6. As discussed above the issue is squarely covered in favour of the appellants by the various decisions of the Tribunal and the Hon'ble Supreme Court. Inasmuch as the Commissioner vide his impugned order has given an option to the appellants to re-ship the goods back to the supplier, we hold that the redemption fine and the penalty imposed by him was not justified. We accordingly set aside the same and allow re-export of the consignment in question without any redemption fine or penalty or duty.

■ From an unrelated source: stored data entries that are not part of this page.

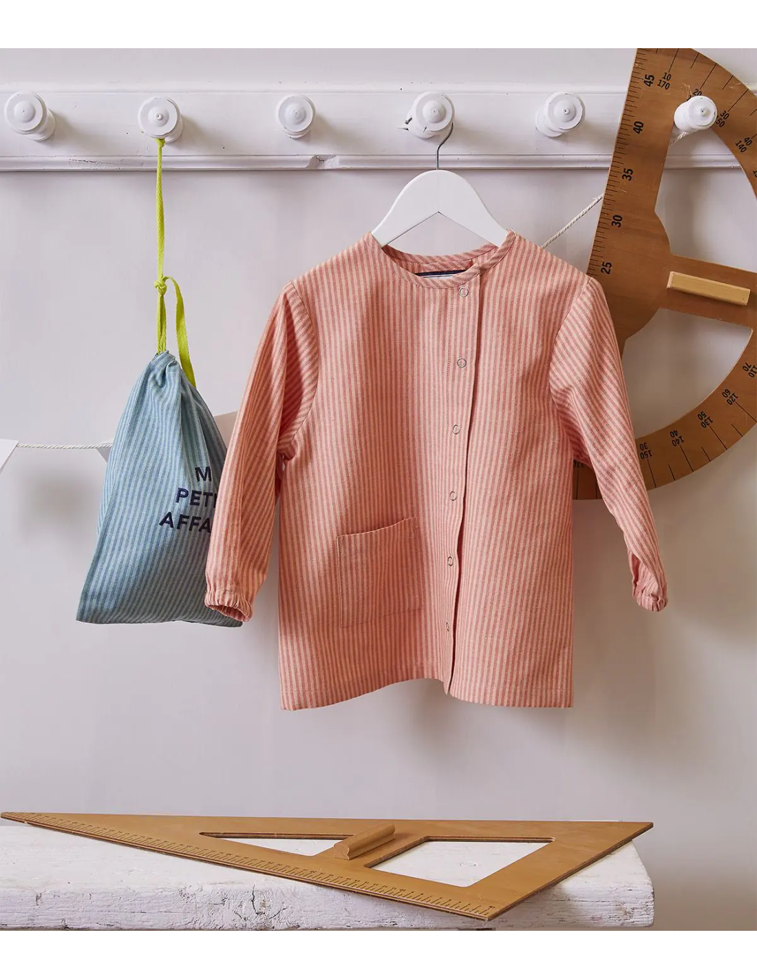 De couleur bleu à rayure, ce tablier est parfait pour accompagner votre enfant dans ses activités artistiques ou salissantes.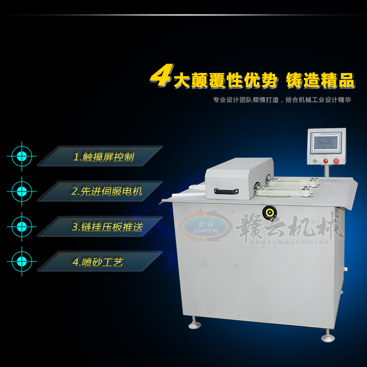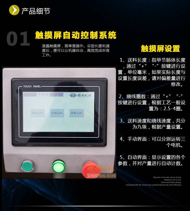 該香腸扎線機機械的優點是節約腸衣,并且線扎的產品不用人工和機械剪節,相對扭結可節約人工3人以上和對剪節設備的投入;相對半自動扎線機可節約10人的費用,切免除工人的體力勞動之苦。該扎線機操控十分簡單,由于采用人機對話的液晶屏,設定長度和速度后,便可以讓機械自動高效完成所有工作。
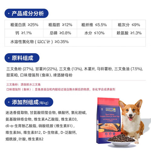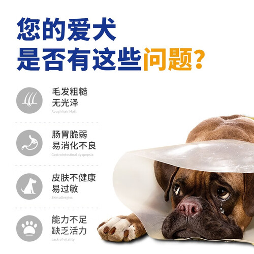 甄选优质三文鱼食材,鲜香味美,长期食用可以降火、去泪痕。采用营养素组合配方,丰富脂肪酸能够帮助狗狗靓丽毛发,恢复蓬松质感。

Appeal is thus allowed in above terms."
7. As is clear from above reading of the paragraphs reproduced, the issue is no more res Integra. The various decisions as discussed above are to the effect that no redemption fine is imposable when re-export of the goods is allowed. Accordingly the impugned order imposing redemption fine and penalties is set aside on this ground alone and appeals are allowed with con-sequential relief.
Sd/-
(Archana Wadhwa) Member (J)
8. [Contra per : C.N.B. Nair, Member (T)]. - The plea for quashing redemption fine and penalties is made on the ground that the Commissioner has allowed re-export of imported goods and once re-export of imported goods is permitted imposition of redemption fine and penalty is not legally permissible. This submission that fine and penalty are not permissible in cases where re-export of imported goods is permitted has been raised relying on the decision of the Supreme Court in the case of Siemens Ltd. v. CCE reported in [1999 (113) E.L.T. 776 (S.C)] and the decision of the Tribunal in the case of Siemens Public Communications v. CC, Airport, Calcutta - 2001 (137) E.L.T. 623 (T) = 2001 (43) RLT 57 (CEGAT-Kolkata). I am afraid, the above cited decision of the Supreme Court and Tribunal are not applicable to the present case.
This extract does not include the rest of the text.